DIRECTIONS: Write out the following listing's lines from the one with "Get ready to" to the one with "学纪在先,关键在遵守。他要求", exactly, with both included and no others.

DATASET:

────────────────

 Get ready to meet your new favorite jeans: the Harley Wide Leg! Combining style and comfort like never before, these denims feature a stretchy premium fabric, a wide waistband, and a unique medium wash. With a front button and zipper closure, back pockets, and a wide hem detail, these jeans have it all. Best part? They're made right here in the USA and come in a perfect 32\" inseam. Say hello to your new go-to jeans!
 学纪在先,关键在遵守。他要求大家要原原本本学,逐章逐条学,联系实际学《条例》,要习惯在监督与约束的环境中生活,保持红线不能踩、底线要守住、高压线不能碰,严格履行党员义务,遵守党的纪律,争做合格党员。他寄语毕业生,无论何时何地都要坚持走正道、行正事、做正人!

────────────────

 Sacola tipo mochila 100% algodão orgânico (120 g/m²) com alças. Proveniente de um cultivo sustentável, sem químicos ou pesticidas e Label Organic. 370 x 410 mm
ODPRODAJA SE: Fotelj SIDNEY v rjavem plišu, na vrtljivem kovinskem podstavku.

────────────────

REPLY:
 Get ready to meet your new favorite jeans: the Harley Wide Leg! Combining style and comfort like never before, these denims feature a stretchy premium fabric, a wide waistband, and a unique medium wash. With a front button and zipper closure, back pockets, and a wide hem detail, these jeans have it all. Best part? They're made right here in the USA and come in a perfect 32\" inseam. Say hello to your new go-to jeans!
 学纪在先,关键在遵守。他要求大家要原原本本学,逐章逐条学,联系实际学《条例》,要习惯在监督与约束的环境中生活,保持红线不能踩、底线要守住、高压线不能碰,严格履行党员义务,遵守党的纪律,争做合格党员。他寄语毕业生,无论何时何地都要坚持走正道、行正事、做正人!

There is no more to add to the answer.